Salpausselän Reipas
- Full name: Salpausselän Reipas
- Nickname(s): SalReipas
- Founded: 2004; 21 years ago
- Ground: Kisapuisto tekonurmi, Lahti Finland
- Chairman: Tero Rantala
- Coach: Mika Leppäkynnäs
- League: Kolmonen
- 2009: 2nd – Kolmonen (Helsinki and Uusimaa) – Section 3
| Home colours |

= Salpausselän Reipas =

Finnish football club

Salpausselän Reipas (abbreviated SalReipas) is a football club from Lahti in Finland. The club was formed in 2004 and their home ground is at the Mukkulan kenttä. The first team currently plays in the Kolmonen (Third Division), the fourth tier of Finnish football. The Chairman of SalReipas is Tero Rantala.

==History==
The club was founded in 2004 and has made rapid progress since they began competitive football with the SPL Uusimaa in 2005 in Section 7 of the Kutonen (Sixth Division) which they won at the first attempt. Further promotions followed in the next two seasons in 2006 and 2007 when the club won Section 3 of the Vitonen (Fifth Division) and Section 2 of the Nelonen (Fourth Division) respectively. In their first three seasons the club only lost 1 league match and won the other 55 matches, scoring 322 goals in the process. In the last two seasons SalReipas have competed in Section 3 of the Kolmonen finishing 4th in 2008 and 2nd in 2009. The latter season was a great disappointment with the club missing out on promotion by 2 points to local rivals City Stars.

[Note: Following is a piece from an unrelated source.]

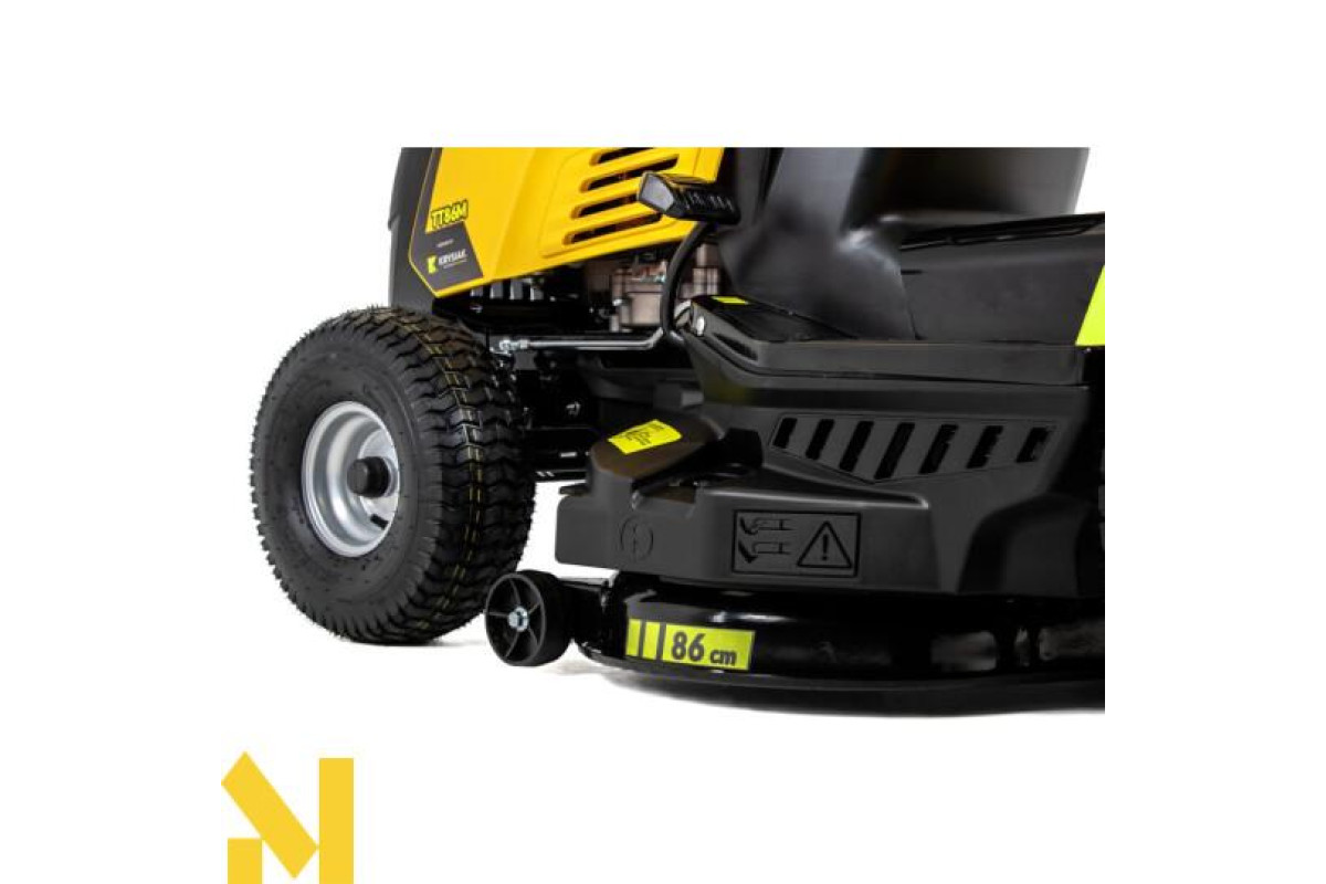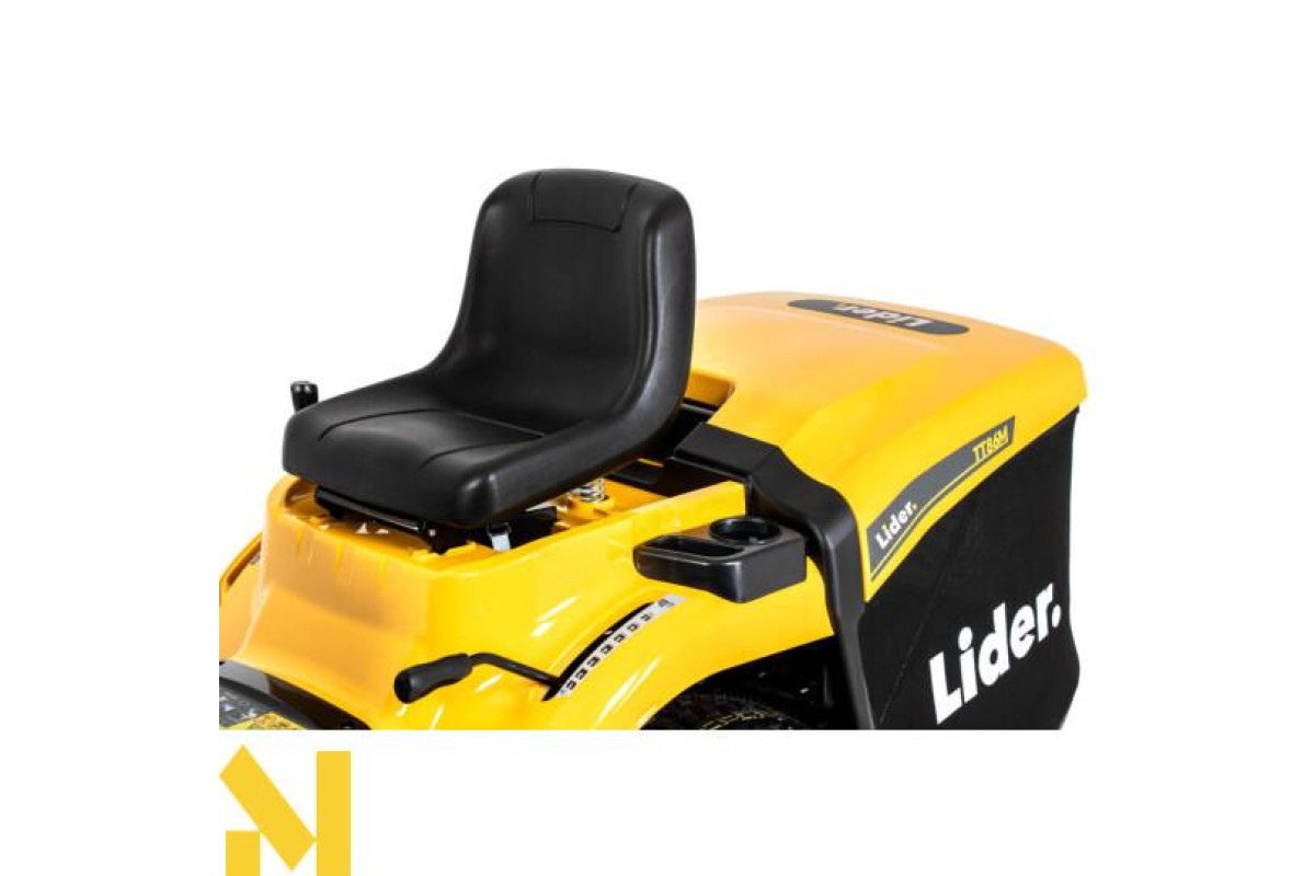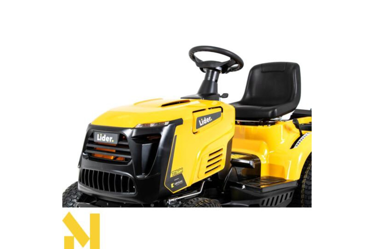 Завдяки 7-ступінчастому регулюванню висоти зрізу від 30 до 90 мм користувач може налаштувати висоту зрізу відповідно до індивідуальних потреб та уподобань. Великий 245-літровий бункер дозволяє косити довше без необхідності його спорожнення, а звуковий сигнал сповіщає користувача про необхідність спорожнення бункера. Трактор оснащений електромагнітною системою зачеплення ножів для забезпечення надійності та безпеки під час роботи. З'єднання для очищення деки косарки полегшує очищення та обслуговування машини. Додаткові функції, такі як світлодіодне освітлення, регульовані опорні колеса, бампер, сидіння з вимикачем безпеки та опціональна задня навіска роблять садовий трактор Lider TT86M 86 см ідеальною машиною для вимогливих користувачів.

In the 2010 Finnish Cup (Suomen Cup) SalReipas showed both their pedigree and future potential by reaching Round 6 before finally going out 1–2 at home to Ilves. Highlights of the competition were home wins against Kakkonen opposition – 4–1 against Lohjan Pallo and 2–0 against Laajasalon Palloseura.

SalReipas Akatemia began operations in October 2009 as the club's second team. The team was established to serve the needs of young hopefuls who are not yet ready for first team football. They created a club record on 24 May 2010 with a 25–0 win against Hyvinkään Urheiluseura 1. Their home ground is at the Kisapuiston tekonurmi.

==Season to season==

| Season | Level | Division | Section | Administration | Position | Movements |
|---|---|---|---|---|---|---|
| 2005 | Tier 7 | Kutonen (Sixth Division) | Section 7 | Uusimaa (SPL Uusimaa) | 1st | Promoted |
| 2006 | Tier 6 | Vitonen (Fifth Division) | Section 3 | Uusimaa (SPL Uusimaa) | 1st | Promoted |
| 2007 | Tier 5 | Nelonen (Fourth Division) | Section 2 | Uusimaa (SPL Uusimaa) | 1st | Promoted |
| 2008 | Tier 4 | Kolmonen (Third Division) | Section 3 | Helsinki & Uusimaa (SPL Helsinki) | 4th |  |
| 2009 | Tier 4 | Kolmonen (Third Division) | Section 3 | Helsinki & Uusimaa (SPL Uusimaa) | 2nd |  |
| 2010 | Tier 4 | Kolmonen (Third Division) | Section 3 | Helsinki & Uusimaa (SPL Uusimaa) | 2nd |  |

----
- 3 seasons in Kolmonen
- 1 season in Nelonen
- 1 season in Vitonen
- 1 season in Kutonen

==Honours and achievements==
- Kutonen (Section 7) Winners – 2005
- Vitonen (Section 3) Winners – 2006
- Nelonen (Section 2) Winners – 2007
- Round 6 of Finnish Cup – 2010

==Club Structure==
SalReipas have 2 men's teams. The club does not currently run a junior section.

==2010 season==
SalReipas Men's Team are competing in Section 3 (Lohko 3) of the Kolmonen administered by Uusimaa SPL. This is the fourth highest tier in the Finnish football system. In 2009 Salpausselän Reipas finished in second position in Section 3 of the Kolmonen (Third Division).

SalReipas Akatemia are participating in Section 7 (Lohko 7) of the Kutonen administered by the Uusimaa SPL.